<<<<

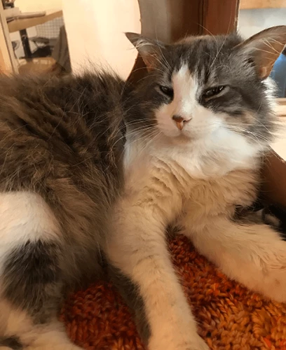 Fluffy Ollie is a little love bug. He loves attention and is often found grooming his pal Daisy. Oliver came to us from North Carolina in hopes of finding a forever home in the PNW. He will quickly steal your heart with his green eyes and head butts. Come meet Ollie soon! He has tested positive for FeLV.
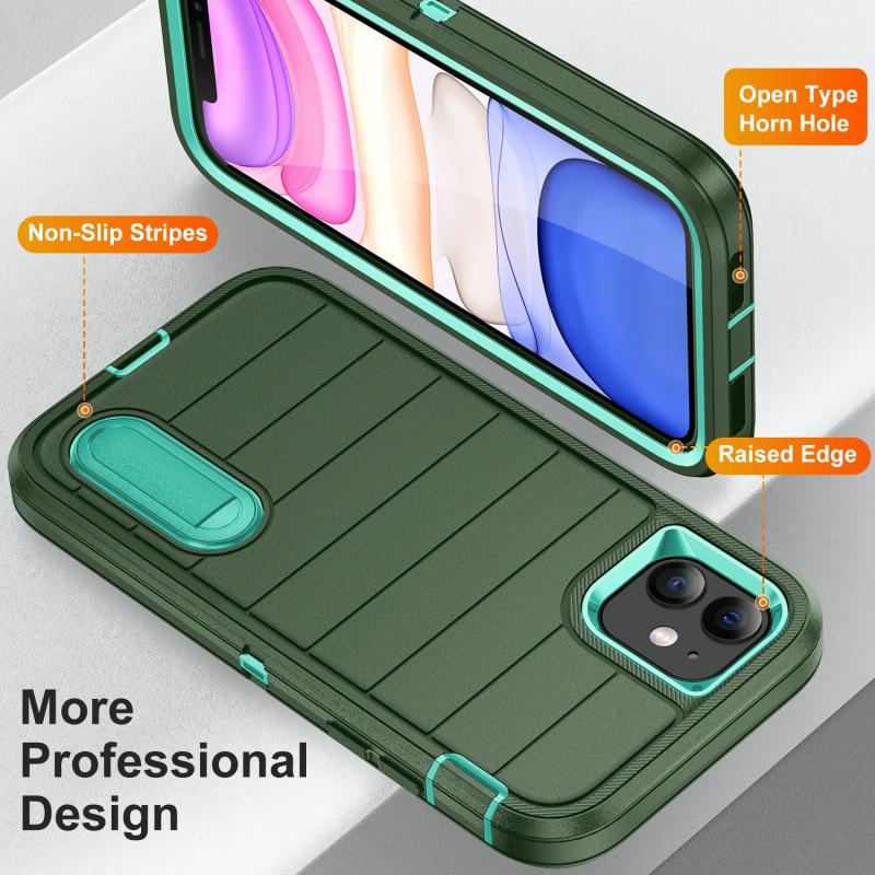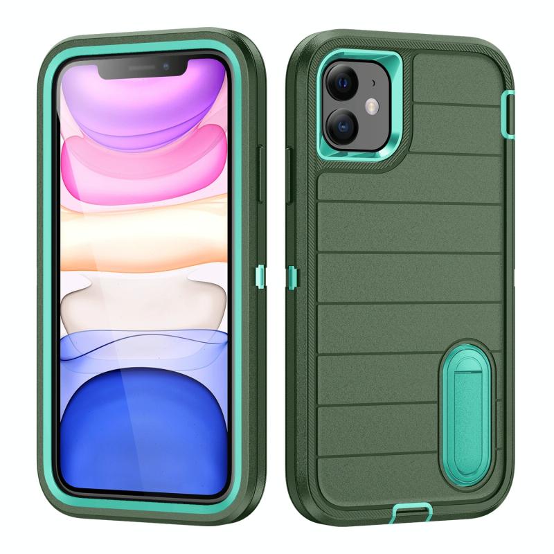 For iPhone 12 Defender Gen2 Rugged PC + Silicone Phone Case with Holder(Dark Green+Cyan)
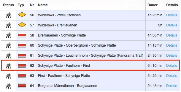 융프라우 하이킹 코스는 올레길처럼 코스 번호가 정해져 있다. 우리가 정한 쉬니케 플라테~피르스트 구간은 62번 코스이다. 총 하이킹 시간은 6시간 10분!! 하루를 모두 이곳에 소비해야 한다.
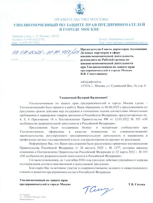Уполномоченным по защите прав предпринимателей в городе Москве (далее — Уполномоченный) было принято в работу Ваше обращение от 06.06.2025 с предложениями по продлению сроков действия мер поддержки в отношении оценки соответствия обязательным требованиям и маркировки товаров, ввозимых в Российскую Федерацию, предусмотренных пп. 4, 5, 6 Приложения 18 к Постановлению Правительства РФ от 12.03.2022 № 353 «Об особенностях разрешительной деятельности в Российской Федерации».
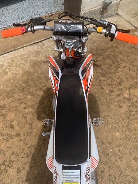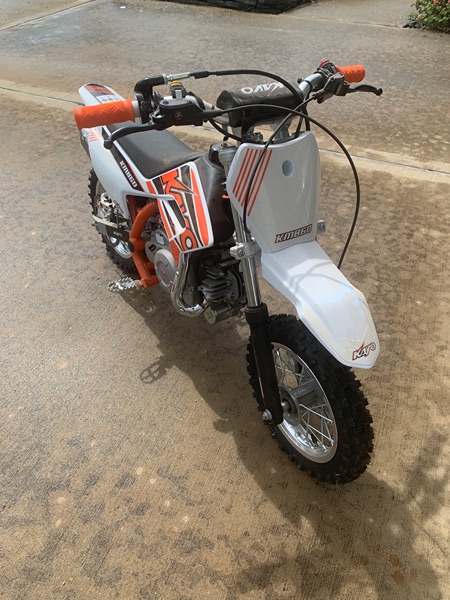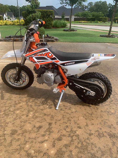 The KMB60 is a great beginner bike. 4 stroke engine fully automatic. Electric start. Disc brakes front and back. Light weight with seat height of just 22 inches. 92.5 lbs. chain drive. Go to ridekayo.com/kmb-60 for all specs. This bike is brand new, never been ridden. Won in a raffle contest. Easy porch pick up at my Creekside/Tomball home.
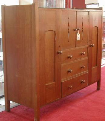 the rectangular top with three quarter gallery, above two central carved doors and three drawers, flanked by panelled doors on square legs
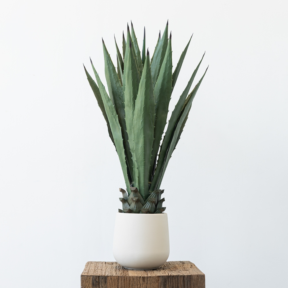 Agave artificial de porte alto con hojas rígidas y texturizadas en tonos verdes naturales. Viene en una maceta cerámica clara que aporta un toque moderno y elegante al conjunto. Ideal para decoraciones contemporáneas que buscan un acento desértico sin mantenimiento.
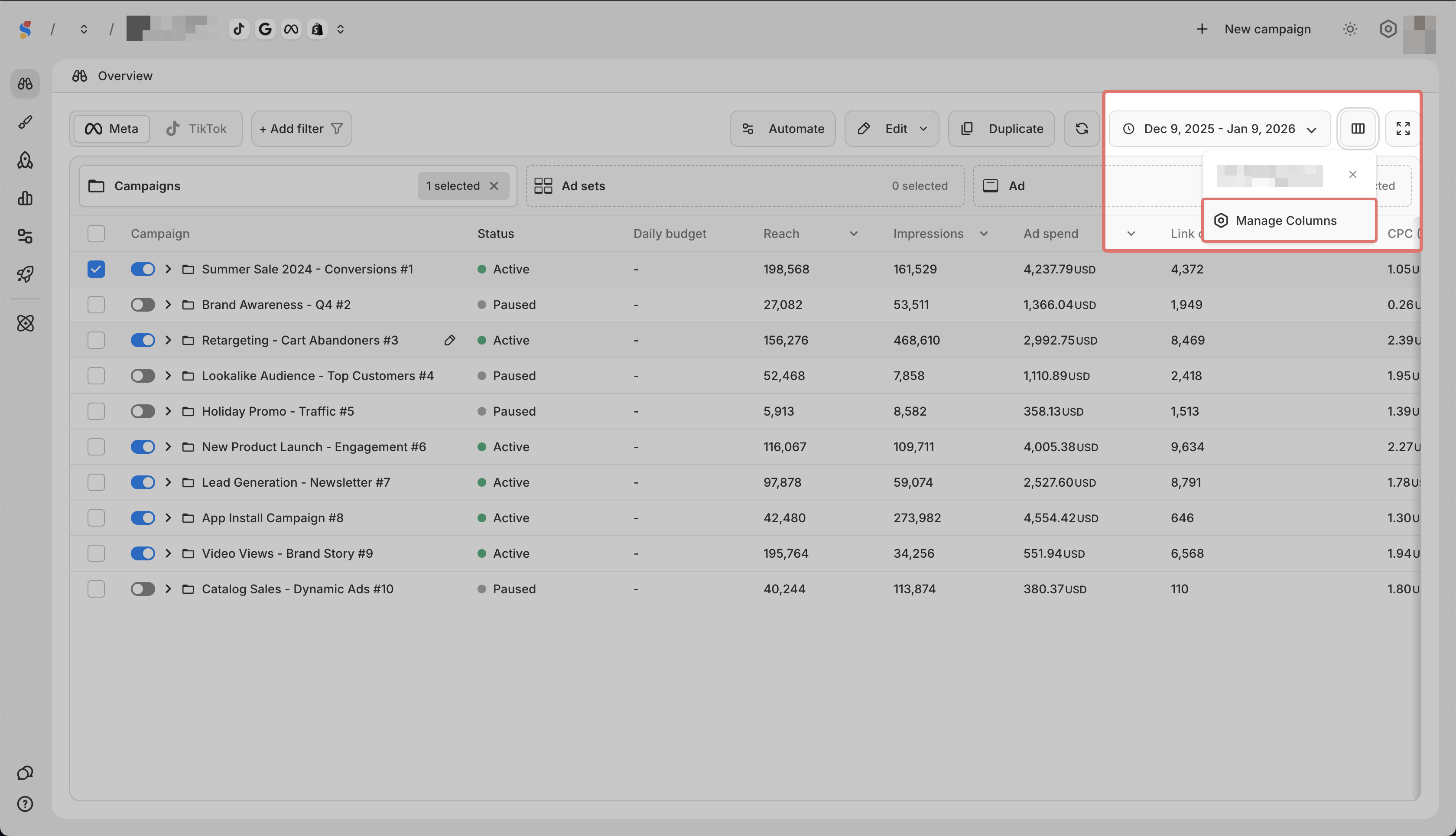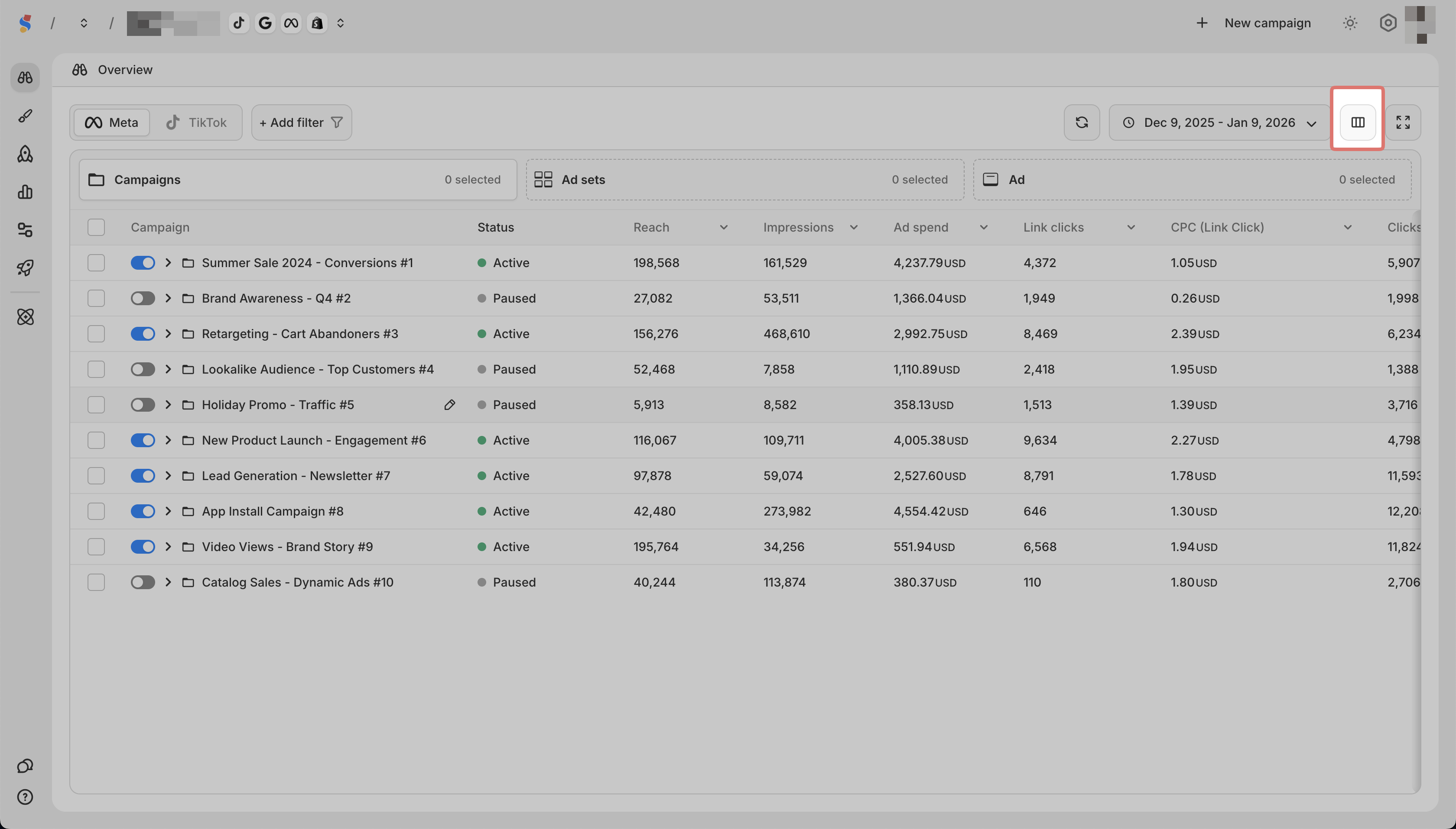 | Status | Whether the campaign is active, paused, or off |
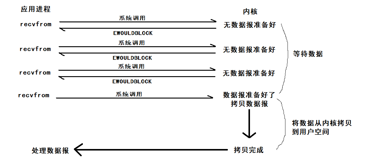 非阻塞的recvfrom系统调用之后,进程并没有别阻塞,内核马上返回进程,如果数据没准备好,返回error,
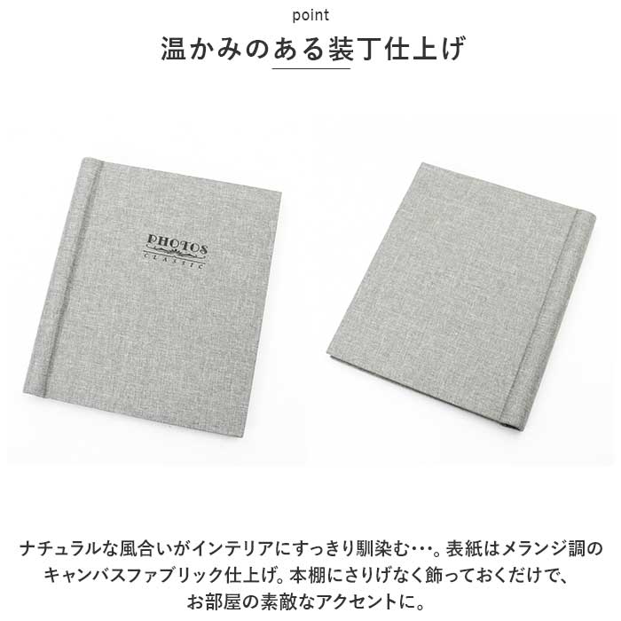 ・ナチュラルな風合いがインテリアにすっきり馴染む・・・。表紙はメランジ調のキャンバスファブリック仕上げ。本棚にさりげなく飾っておくだけで、お部屋の素敵なアクセントに。
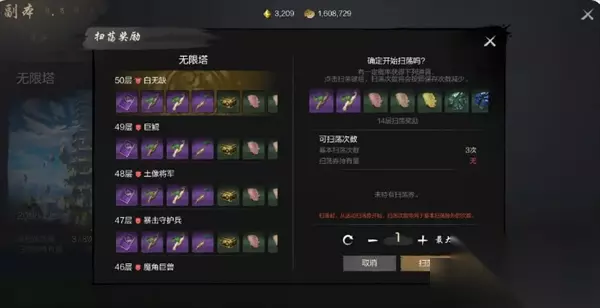 如果玩家已经通关全部层数的无限塔,或暂时打不过更高层的无限塔,还可以通过扫荡功能来获取额外的资源。灵芝可以对已经通关的楼层进行扫荡,楼层越高,扫荡可获得的奖励越丰厚,每天4点会补充1次扫荡次数,最多累积3次,灵芝们别忘了每天都要扫荡一下哦~
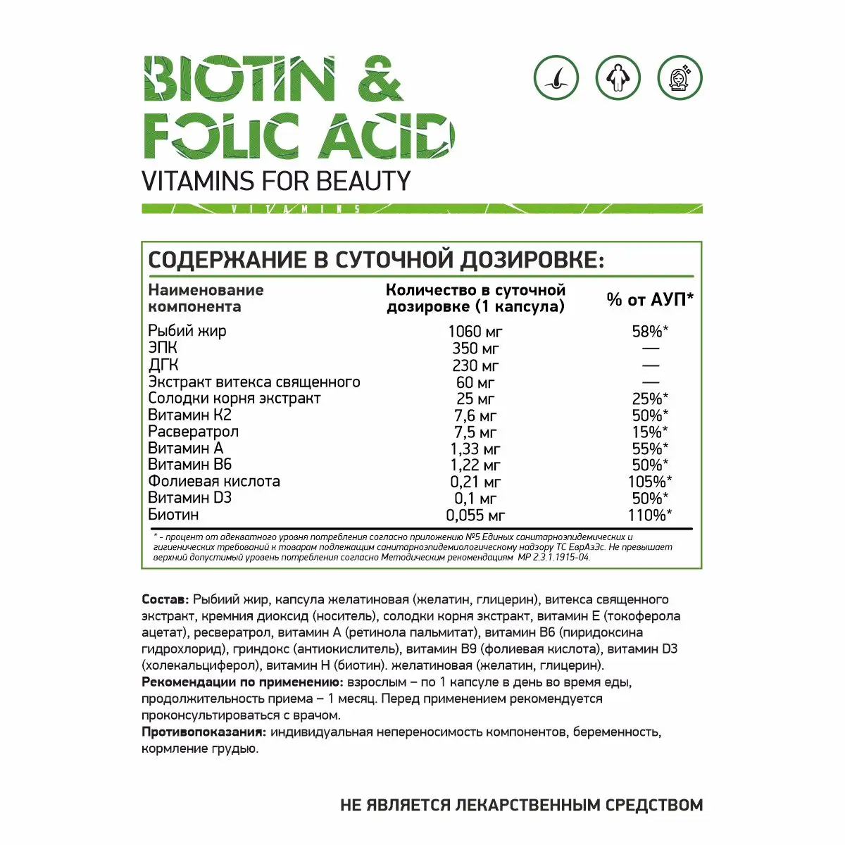 Natural Supp BIOTIN + FOLIC ACID +Оmega 3 60 caps

>>>>

▶ [Problem requirements] Print exactly what appears from the first line of the listing above down to the line containing "Agave artificial de", inclusive, and leave out all pictures.

▶ [Solution]
 Fluffy Ollie is a little love bug. He loves attention and is often found grooming his pal Daisy. Oliver came to us from North Carolina in hopes of finding a forever home in the PNW. He will quickly steal your heart with his green eyes and head butts. Come meet Ollie soon! He has tested positive for FeLV.
 For iPhone 12 Defender Gen2 Rugged PC + Silicone Phone Case with Holder(Dark Green+Cyan)
 융프라우 하이킹 코스는 올레길처럼 코스 번호가 정해져 있다. 우리가 정한 쉬니케 플라테~피르스트 구간은 62번 코스이다. 총 하이킹 시간은 6시간 10분!! 하루를 모두 이곳에 소비해야 한다.
Уполномоченным по защите прав предпринимателей в городе Москве (далее — Уполномоченный) было принято в работу Ваше обращение от 06.06.2025 с предложениями по продлению сроков действия мер поддержки в отношении оценки соответствия обязательным требованиям и маркировки товаров, ввозимых в Российскую Федерацию, предусмотренных пп. 4, 5, 6 Приложения 18 к Постановлению Правительства РФ от 12.03.2022 № 353 «Об особенностях разрешительной деятельности в Российской Федерации».
 The KMB60 is a great beginner bike. 4 stroke engine fully automatic. Electric start. Disc brakes front and back. Light weight with seat height of just 22 inches. 92.5 lbs. chain drive. Go to ridekayo.com/kmb-60 for all specs. This bike is brand new, never been ridden. Won in a raffle contest. Easy porch pick up at my Creekside/Tomball home.
 the rectangular top with three quarter gallery, above two central carved doors and three drawers, flanked by panelled doors on square legs
 Agave artificial de porte alto con hojas rígidas y texturizadas en tonos verdes naturales. Viene en una maceta cerámica clara que aporta un toque moderno y elegante al conjunto. Ideal para decoraciones contemporáneas que buscan un acento desértico sin mantenimiento.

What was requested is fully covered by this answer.